Many types of Internet attacks utilize indirection as a means to hide their source. For example, the act of utilizing a chain of compromised machines in an attack is a common means of foiling a defender's attempts to locate the source of an attack. Similarly, distributed denial-of-service (DDoS) attacks are often launched from compromised computers, sometimes called ``zombies'', both to harness the power of many machines and to obfuscate where the true source of the attack lies. Today, such indirection is a highly successful means to provide anonymity to attackers.

In the Dragnet project, we take the position that the Internet architecture should be extended to include auditing mechanisms that enable the forensic analysis of network data, with a goal of identifying the true originator of each attack ---- even if the attacker recruits innocent hosts as zombies to propagate the attack.   We define an approach with the promise to dramatically change investigations of Internet-based attacks.  Our goal is to determine both the host responsible for originating an attack and the set of attack flows to reconstruct how an attack unfolded.  We argue that knowledge of both is important for combating attacks: knowledge of the origin supports law enforcement, and knowledge of the causal flows that advance the attack supports diagnosis of how network defenses were breached.
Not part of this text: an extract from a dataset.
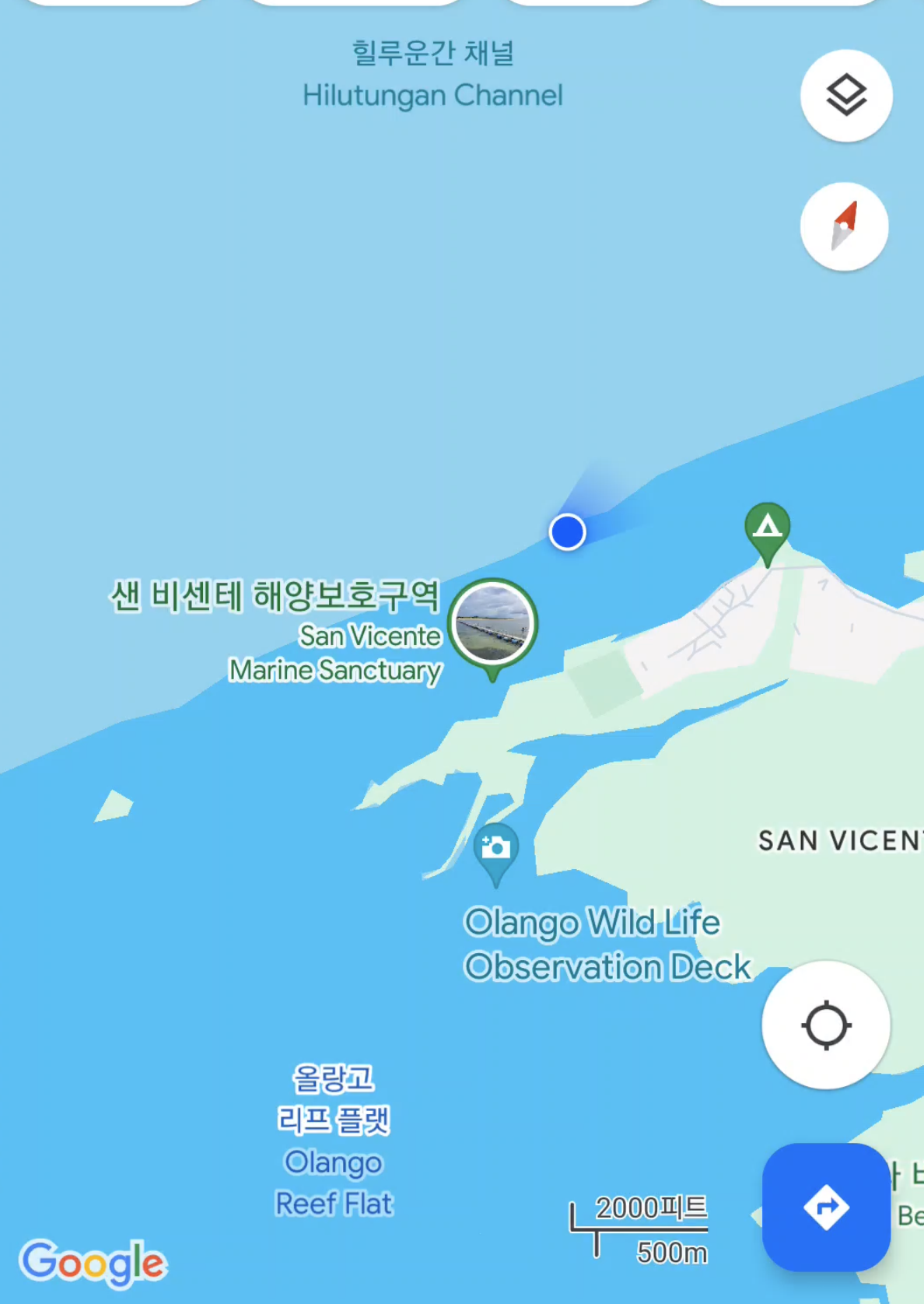 - GPS를 켜서 구글맵에서 확인을 해보았습니다. 우리가 있었던곳 샌 비센테 해양 보호구역이고 스노쿨링을 한 지점은 깊은 바다 계곡과 얖아지는 해변쪽 지점 경계선쪽에서 스노쿨링을 했었네요. 가이드분들이 배 반대편이 깊은 곳이라고 했는데 거긴 어땠을지 궁금하네요. 스쿠버를 하면 들어갈수 있겠죠? 구글맵을 켜서 위치를 확인 해보았습니다.

We proposed a random moonwalk algorithm that can find the origin and the initial propagation paths of a worm attack, either within an intranet or on the Internet as a whole, by performing post-mortem analysis on the traffic records logged by the networks. The algorithm works by repeatedly sampling paths on the host communication graph with random walks. Each walk randomly traverses the edges of the graph backwards in time, and hence the name random moonwalk.